Welcome! I'm so glad you stopped in for a visit and I hope you will leave a comment and let me know you were here. February had some lovely sunny days and I was happy to see Mount Hood, near Portland, Oregon, peeking over the roof of my unit one day. It looks tiny, but a few blocks away it is visually vast! I don't understand the science behind the difference I see here and there. I just love seeing Mt. Hood in all its snowy wonder and would love for you to see it in person if you haven't.
Bouquets of delightful cheery Daffodils like these at my neighbors are opening in the area around me.
The pretty purple Hyacinths by my front step are opening beautifully although I have not smelled them scenting the air yet.
These trees near where I park my car are beginning to beautifully bloom and I have been enjoying seeing other trees in the area around me fully displaying blooms of pink or white, promising Spring is coming.
My four Dianthus plants defied being frozen in their mid-sized clay pots on my patio this winter, and have been producing sweet-spicy scented blooms since last Spring!!!! I currently enjoy this little posy of blooms balanced in a little clear jar on my kitchen windowsill. Amazing!!!!
The facilitator of our once a month worship art group at church challenged us to choose a Bible verse about God as our Refuge and illustrate it. I thought about the image of God hugging us in His embrace as a mother hen spreads her wings over her chicks. That image prompted me to remember the chicken range on our research poultry farm when I was a child. Little chicken coops dotted a fenced in field. They were closer to the ground and not solid wood like I painted, never-the-less whatever they actually looked like they were there so that someone could coax the chickens to huddle inside them at night to protect them from predators. No baby chicks were ever out there although I painted in the lower right corner of the picture some primitive brown and yellow blobs that are meant to represent a mother hen with her wings outspread to her chicks. The process of meditating on God as my refuge, my Immanuel, with me in all my circumstances even if my pencil sketching, watercolor did not conform to the internal images I imagined, was humbling, comforting, leaving me ruefully smiling.
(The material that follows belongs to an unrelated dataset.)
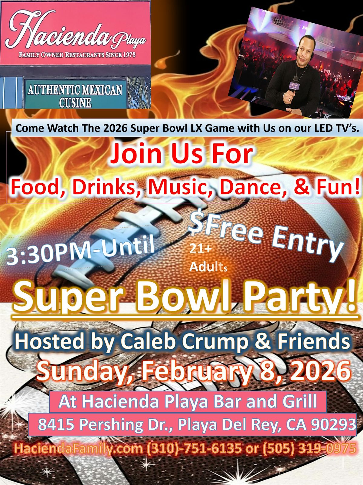 Grab your Friends, Family, Co-Workers, and Neighbors, and Join us on Super Bowl Sunday, February 8, 2026 from 3:30 PM- Until, for a Fun Super Bowl Watch Party at Hacienda Playa Bar and Grill Authentic Mexican Cuisine Restaurant located at 8415 Pershing Drive in Playa Del Rey, California 90293 (By Pershing Drive and Manchester).

This past month, my stitching has been invested in five projects. I added more rows to two blankets not pictured here. The project on the left is my first attempt to make a provisional cast on for a sock that is to go on a 9-inch circular needle. I looked at a YouTube video for instruction. I started knitting another purple dishcloth and am closer to completing it than this photo shows. Then the completed crocheted double thickness potholder on the right is my one little Ta-Dah!
This Oxalis (Shamrock) plant I purchased last Spring nearly expired. I noted when reading my friend Teresa's posts that when her Oxalis plant was doing poorly she put it out on her patio to recover and it did! I tried similar treatment for my plant by putting my plant out on my patio in the summer. Can you see the plant's two little white flowers in this photo I took recently? I like how this view highlights the pretty pink in the underside of the leaves as well.
How are you in the season of life you are in?
I happened upon these promising words it is recorded Jesus spoke before his death and resurrection. They encourage me, and I hope will encourage you.
““I am leaving you with a gift—peace of mind and heart. And the peace I give is a gift the world cannot give. So don’t be troubled or afraid.”